あの場所なら翼はやり直せると期待して1人で甲府に行く事にした。
 
出院してから2年経ち翼は来年には調理師免許の資格を取れるため勉強をはじめていた。
吉永は約束を守るため翼を連れて藤井を訪ねる約束を神崎に取りつけてもらった。
だが、待ち合わせ場所に翼は来なかった。
店の従業員に事件の事を知られ自分が作ったまかないを捨てられた事で店を飛び出してしまったのだ。
 
やっと連絡がとれた翼から「あの場所で待ってる」と電話を切られペロのお墓で自殺するのではと不安になり急いで駆け付けると暗闇に立っている翼を見付けます。
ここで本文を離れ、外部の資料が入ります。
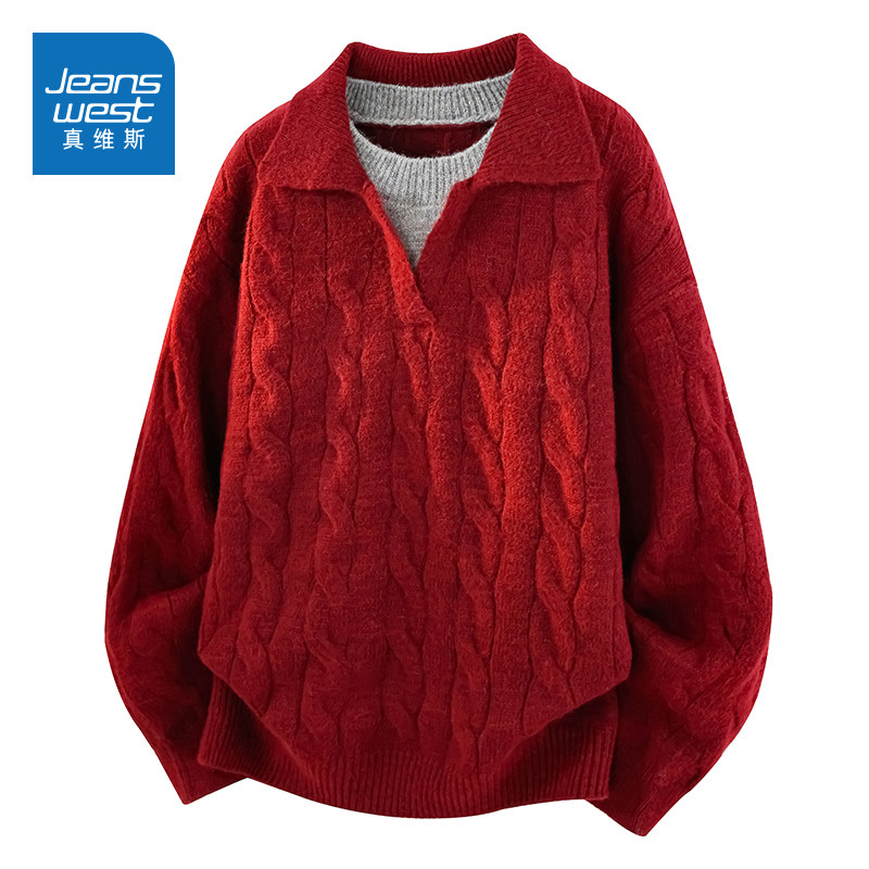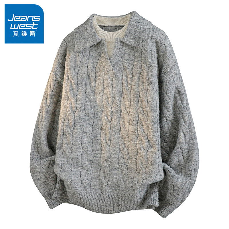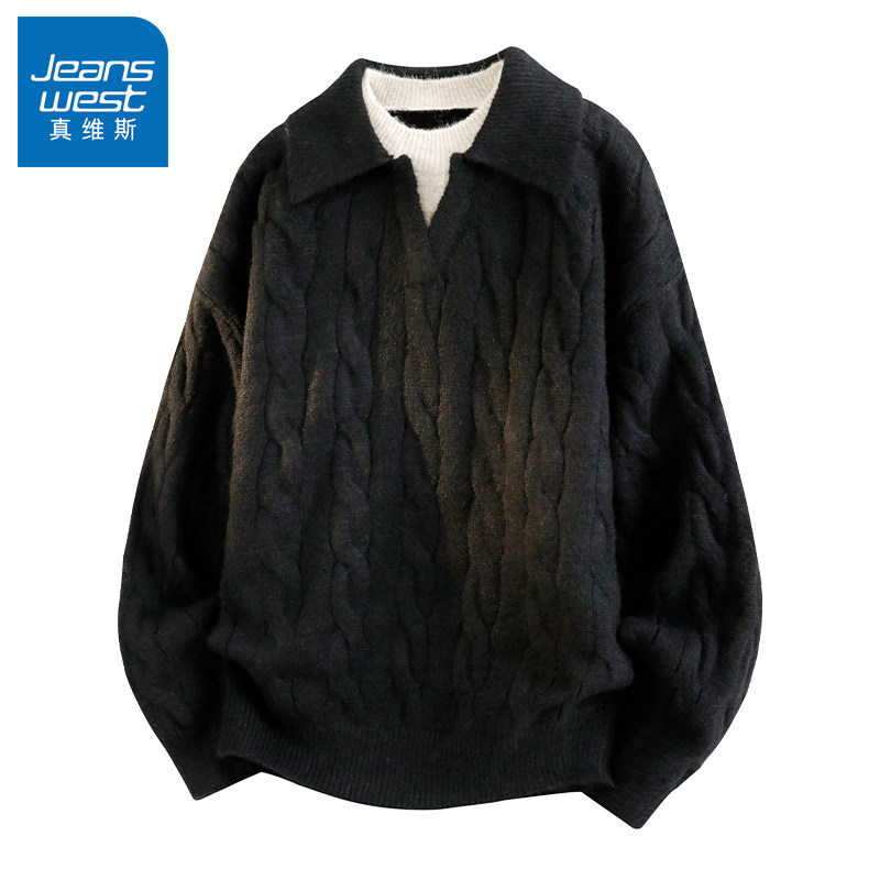 N5真维斯毛衣男2025新款秋冬季美式宽松翻领假两件上衣男款针织衫

翼は事件の日、ハムスターを殺させている優斗に対して怒りがわいてきたのだ。
自殺など考えてなく優斗を殺そうとしてメールで呼び出したが急に怖くなり誰かに止めてほしくて吉永に電話していたのです。
自殺しようとしていたと思っている吉永に本当の事が言えずに苦しんでいました。
 
自分の作った料理を吉永がおいしく食べているのを見て翼は嬉しくて泣いていた。
その姿をみた吉永は本当の事を聞いても成長した姿が見れるから生きていてよかったと話す。
だが藤井はそれすらもできないのだと伝えると優斗を大切にしている人の心も殺したんだと心から気付きます。
 
翼は何が更生が分からないが謝りたいと思い藤井に謝罪した。
優斗を恨んでいた事を正直に話すが今では取り返しのつかないことをしたと頭を下げ優斗の写真を掴み泣きながら「ごめん」と何回も謝った。
最後に線香をあげてもいいから二度と来るなと藤井に言われ吉永は翼の背中をみつめ、もう1人にはさせないと思うのだ。